== Problem to solve ==
Set down, word for word, each line from the top of the data through the line that has "Blue Enigma is"; omit every picture.

-=-=-

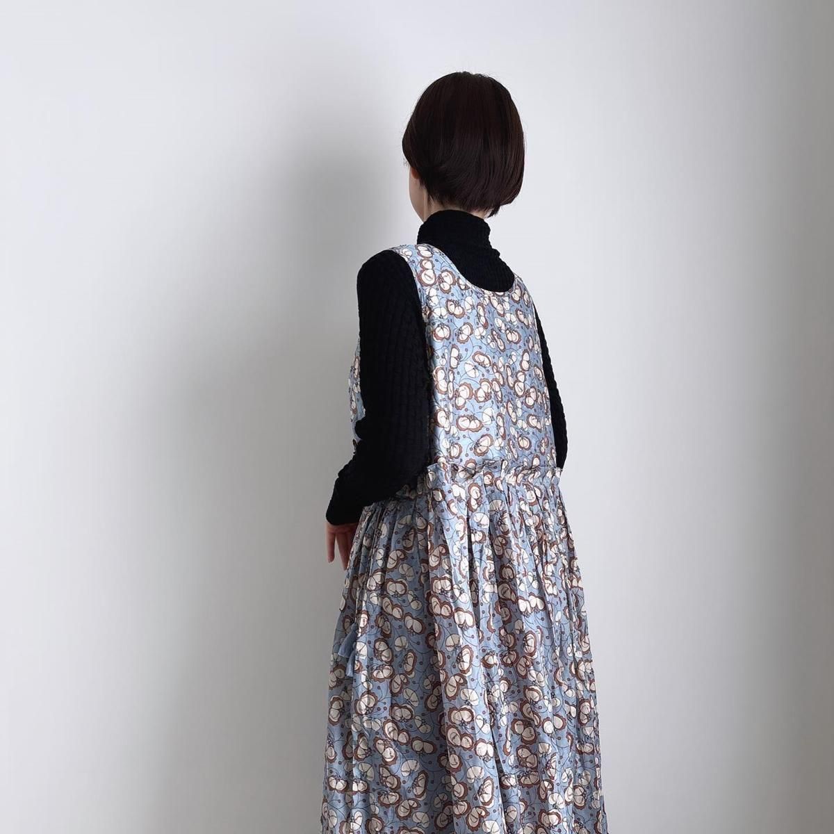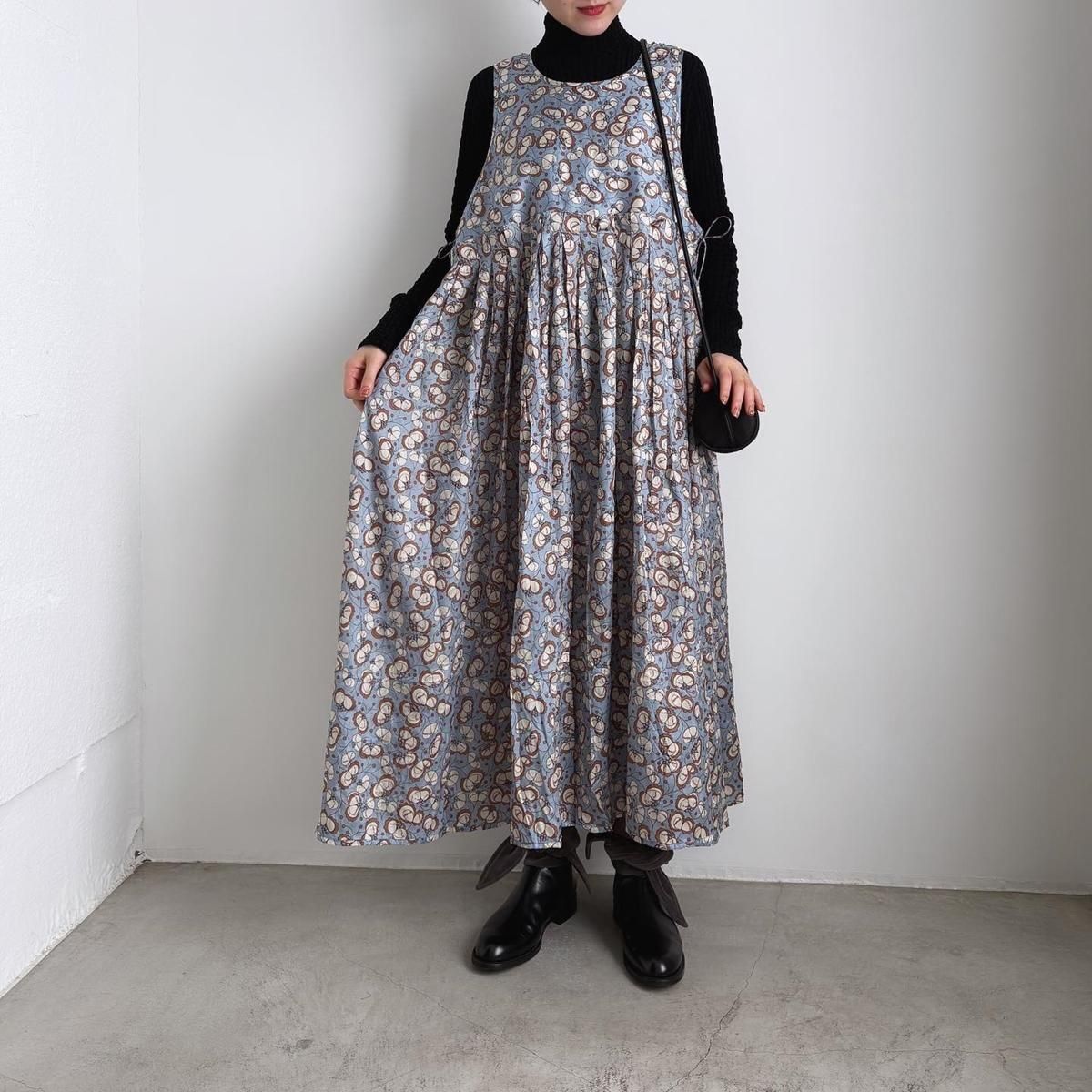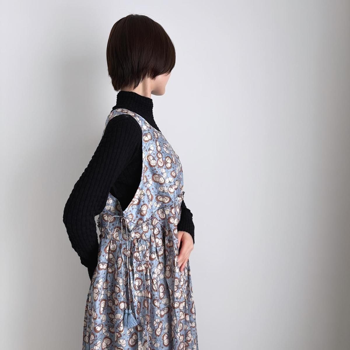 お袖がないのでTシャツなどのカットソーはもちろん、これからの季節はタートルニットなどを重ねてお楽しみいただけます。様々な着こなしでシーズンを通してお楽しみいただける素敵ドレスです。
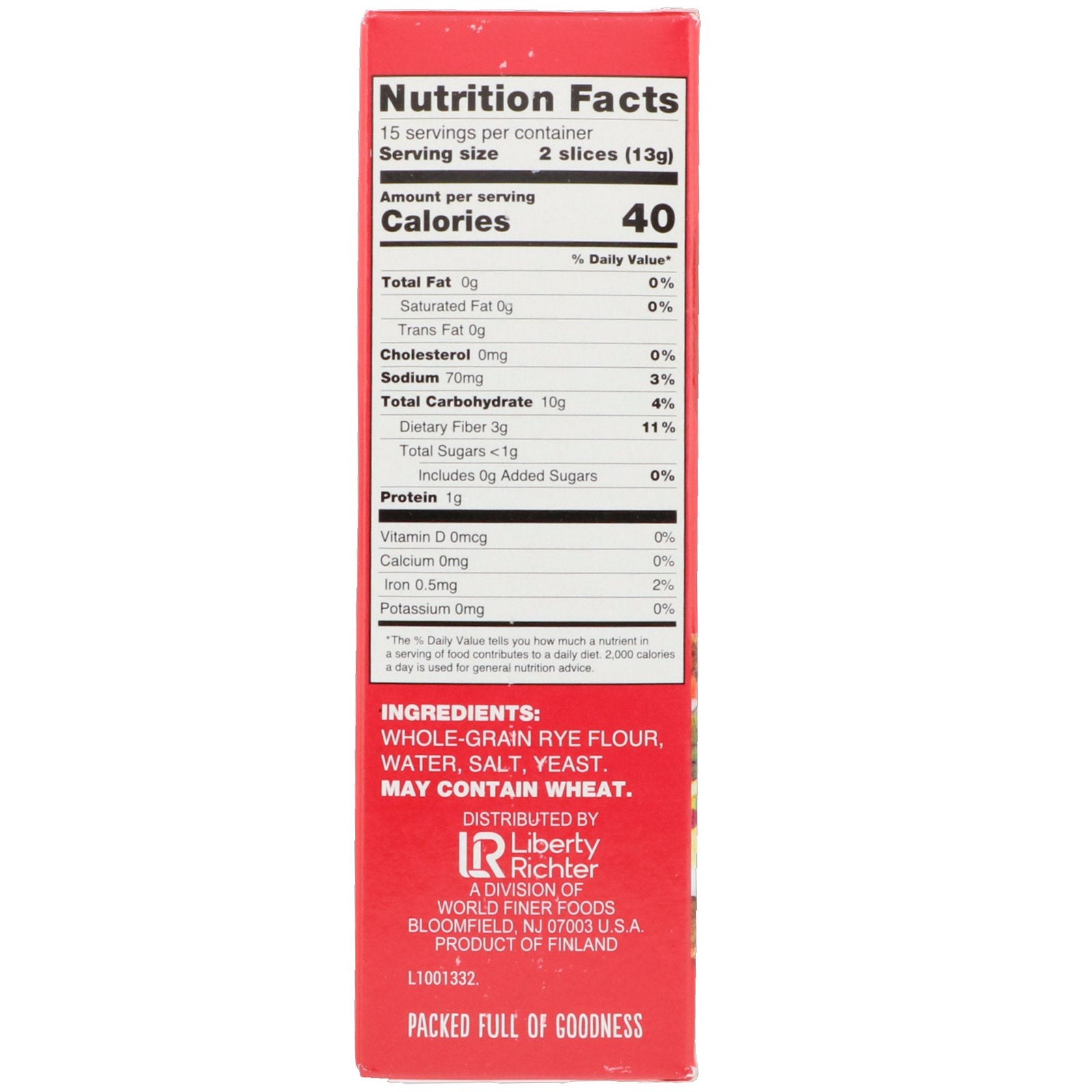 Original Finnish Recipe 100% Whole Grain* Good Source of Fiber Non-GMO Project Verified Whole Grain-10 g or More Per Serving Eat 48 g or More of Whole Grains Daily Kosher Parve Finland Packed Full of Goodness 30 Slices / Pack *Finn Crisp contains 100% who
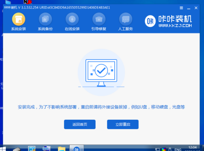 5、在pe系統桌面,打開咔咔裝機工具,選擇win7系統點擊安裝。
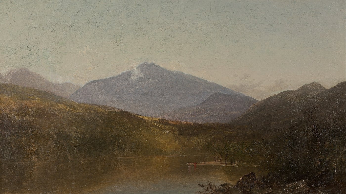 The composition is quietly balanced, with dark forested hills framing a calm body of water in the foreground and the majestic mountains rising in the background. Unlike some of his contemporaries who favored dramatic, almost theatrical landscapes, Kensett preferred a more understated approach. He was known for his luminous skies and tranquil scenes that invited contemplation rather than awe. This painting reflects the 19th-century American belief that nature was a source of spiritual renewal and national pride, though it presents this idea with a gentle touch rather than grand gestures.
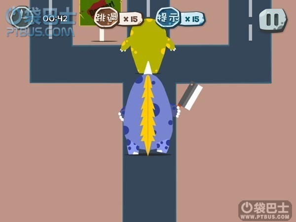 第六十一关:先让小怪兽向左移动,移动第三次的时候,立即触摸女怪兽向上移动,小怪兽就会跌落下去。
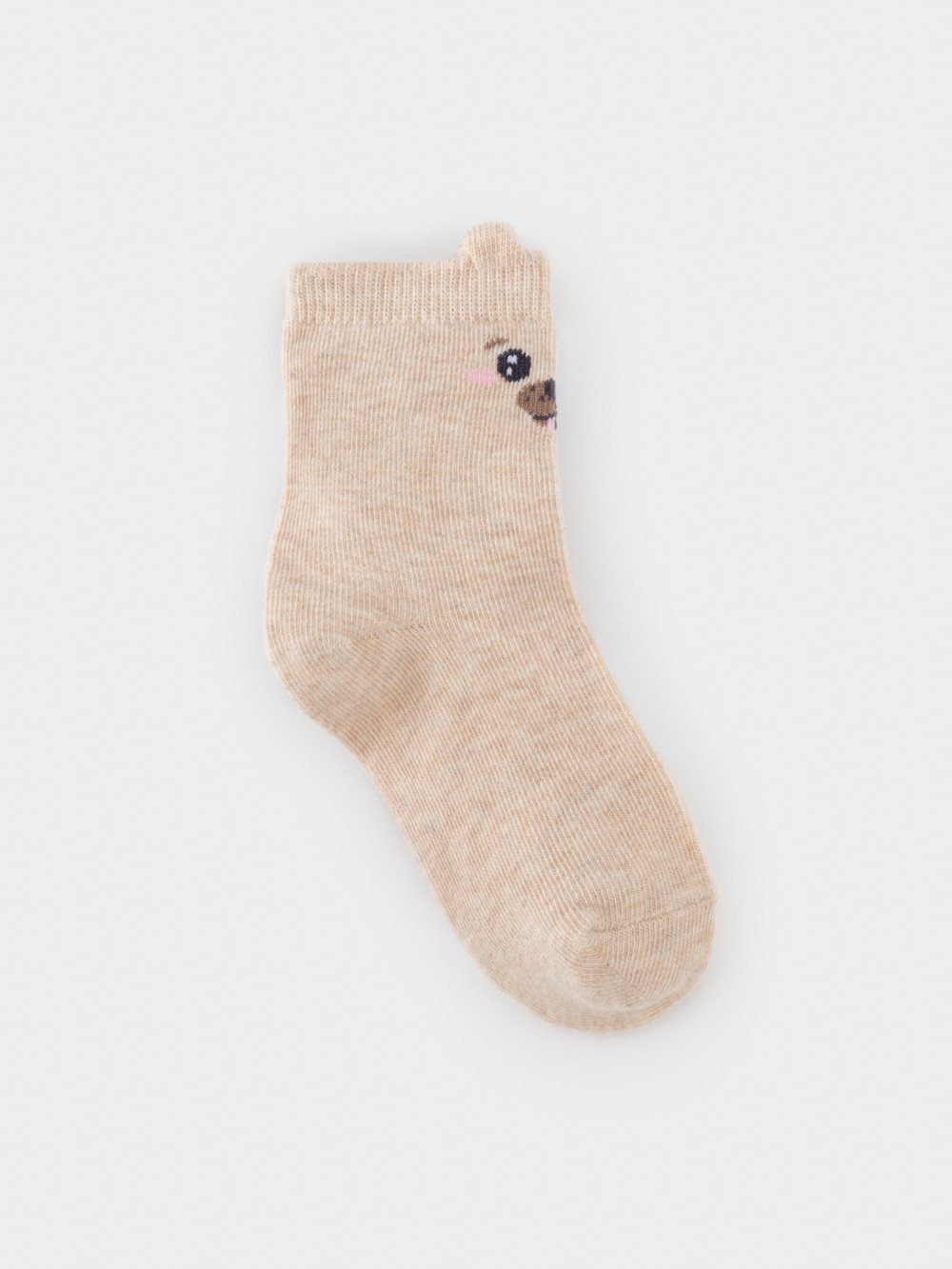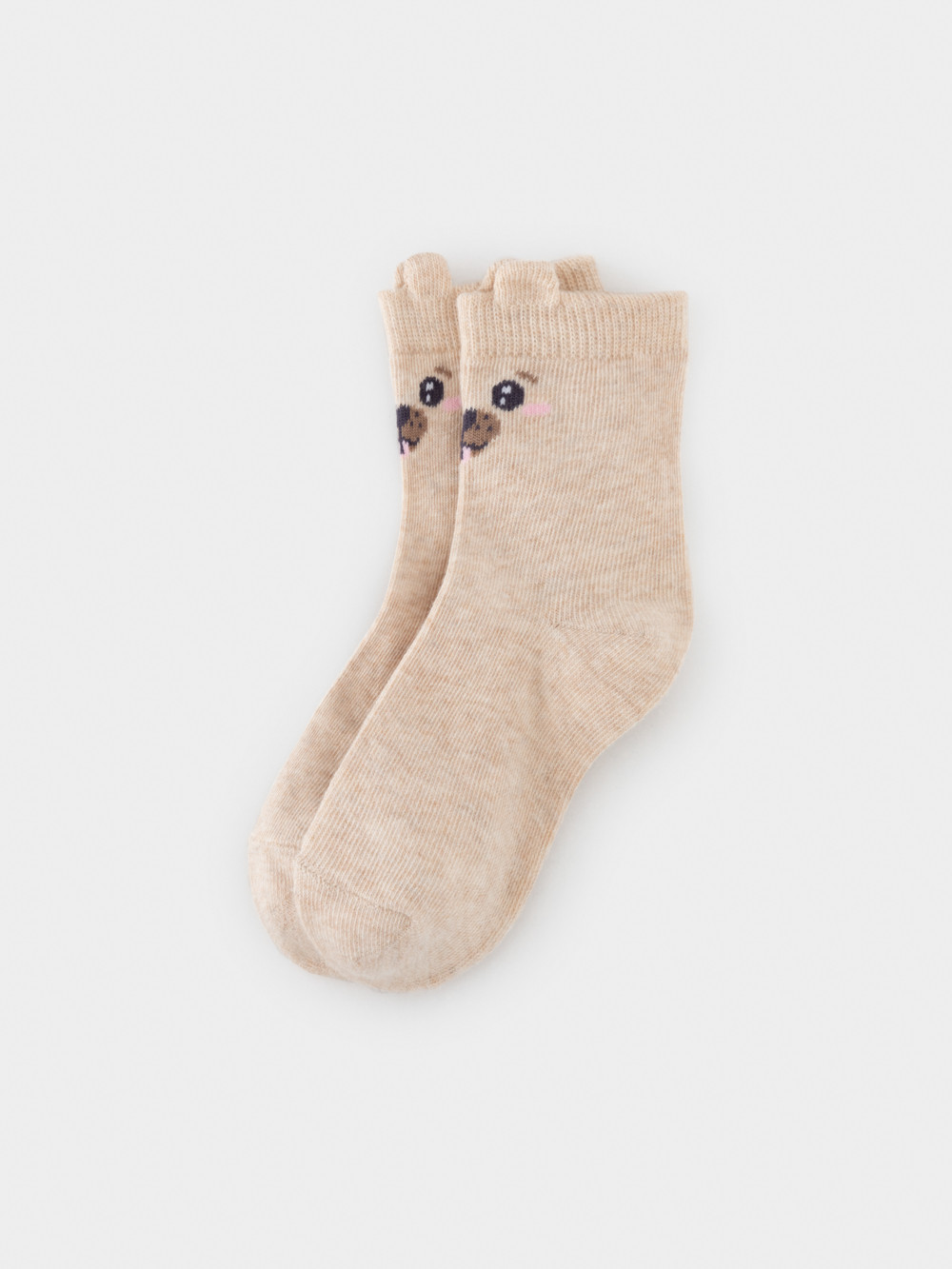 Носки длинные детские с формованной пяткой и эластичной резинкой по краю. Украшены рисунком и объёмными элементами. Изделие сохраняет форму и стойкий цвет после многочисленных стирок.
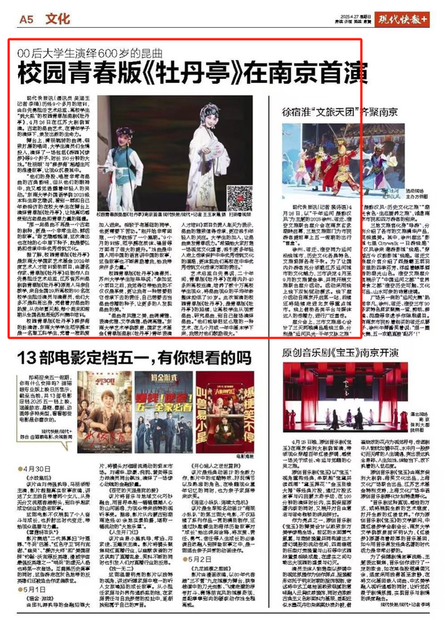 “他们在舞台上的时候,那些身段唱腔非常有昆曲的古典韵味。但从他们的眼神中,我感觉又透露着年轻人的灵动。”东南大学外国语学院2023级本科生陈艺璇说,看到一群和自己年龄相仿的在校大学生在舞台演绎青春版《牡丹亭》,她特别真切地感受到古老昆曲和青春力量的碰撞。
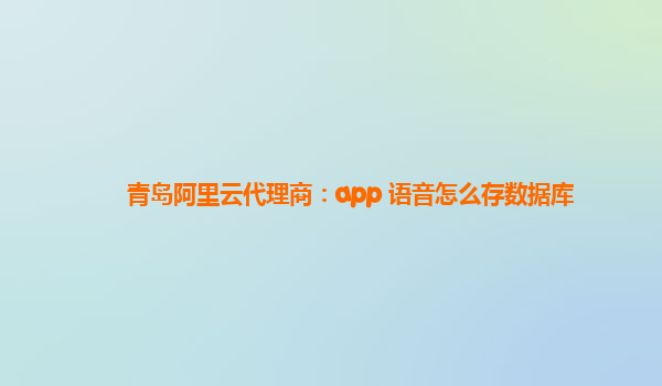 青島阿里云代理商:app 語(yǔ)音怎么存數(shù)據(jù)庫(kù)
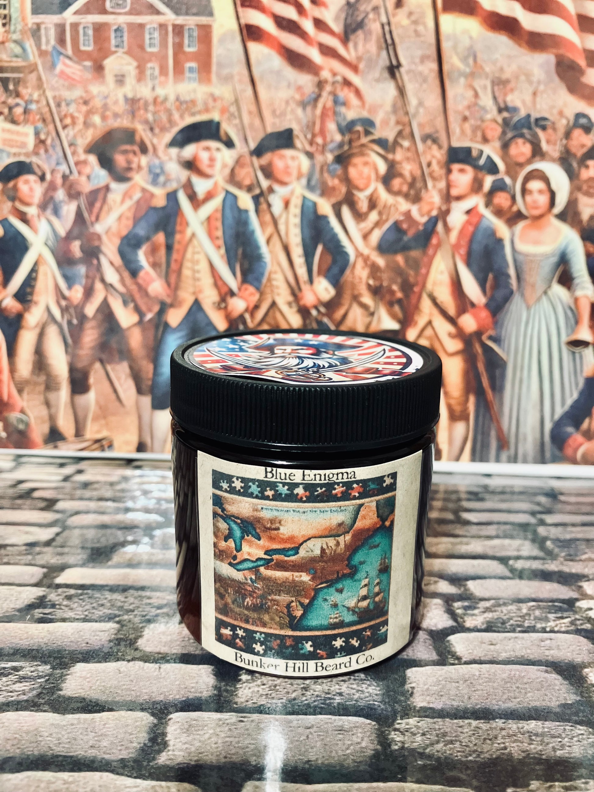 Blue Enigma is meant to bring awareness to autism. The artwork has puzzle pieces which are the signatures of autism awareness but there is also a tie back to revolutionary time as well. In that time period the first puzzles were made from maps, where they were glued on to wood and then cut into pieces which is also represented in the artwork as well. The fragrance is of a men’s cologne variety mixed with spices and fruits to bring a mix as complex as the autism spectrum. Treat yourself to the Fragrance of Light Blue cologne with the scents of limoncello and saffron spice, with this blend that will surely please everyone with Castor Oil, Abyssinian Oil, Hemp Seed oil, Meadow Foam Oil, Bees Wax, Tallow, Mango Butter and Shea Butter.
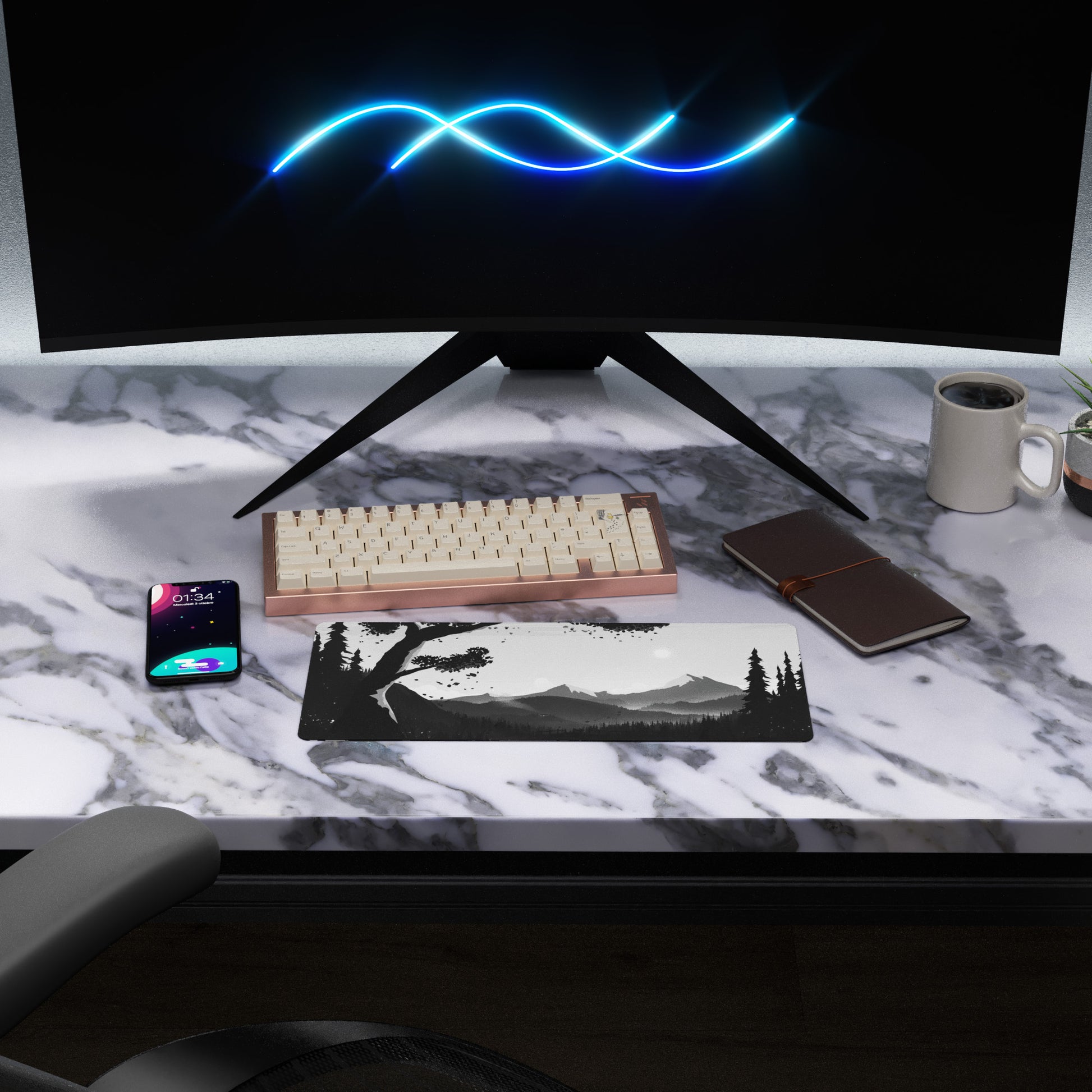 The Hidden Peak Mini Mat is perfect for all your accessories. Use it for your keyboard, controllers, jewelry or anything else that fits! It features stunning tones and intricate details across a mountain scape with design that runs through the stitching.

-=-=-

== Result below ==
 お袖がないのでTシャツなどのカットソーはもちろん、これからの季節はタートルニットなどを重ねてお楽しみいただけます。様々な着こなしでシーズンを通してお楽しみいただける素敵ドレスです。
 Original Finnish Recipe 100% Whole Grain* Good Source of Fiber Non-GMO Project Verified Whole Grain-10 g or More Per Serving Eat 48 g or More of Whole Grains Daily Kosher Parve Finland Packed Full of Goodness 30 Slices / Pack *Finn Crisp contains 100% who
 5、在pe系統桌面,打開咔咔裝機工具,選擇win7系統點擊安裝。
 The composition is quietly balanced, with dark forested hills framing a calm body of water in the foreground and the majestic mountains rising in the background. Unlike some of his contemporaries who favored dramatic, almost theatrical landscapes, Kensett preferred a more understated approach. He was known for his luminous skies and tranquil scenes that invited contemplation rather than awe. This painting reflects the 19th-century American belief that nature was a source of spiritual renewal and national pride, though it presents this idea with a gentle touch rather than grand gestures.
 第六十一关:先让小怪兽向左移动,移动第三次的时候,立即触摸女怪兽向上移动,小怪兽就会跌落下去。
 Носки длинные детские с формованной пяткой и эластичной резинкой по краю. Украшены рисунком и объёмными элементами. Изделие сохраняет форму и стойкий цвет после многочисленных стирок.
 “他们在舞台上的时候,那些身段唱腔非常有昆曲的古典韵味。但从他们的眼神中,我感觉又透露着年轻人的灵动。”东南大学外国语学院2023级本科生陈艺璇说,看到一群和自己年龄相仿的在校大学生在舞台演绎青春版《牡丹亭》,她特别真切地感受到古老昆曲和青春力量的碰撞。
 青島阿里云代理商:app 語(yǔ)音怎么存數(shù)據(jù)庫(kù)
 Blue Enigma is meant to bring awareness to autism. The artwork has puzzle pieces which are the signatures of autism awareness but there is also a tie back to revolutionary time as well. In that time period the first puzzles were made from maps, where they were glued on to wood and then cut into pieces which is also represented in the artwork as well. The fragrance is of a men’s cologne variety mixed with spices and fruits to bring a mix as complex as the autism spectrum. Treat yourself to the Fragrance of Light Blue cologne with the scents of limoncello and saffron spice, with this blend that will surely please everyone with Castor Oil, Abyssinian Oil, Hemp Seed oil, Meadow Foam Oil, Bees Wax, Tallow, Mango Butter and Shea Butter.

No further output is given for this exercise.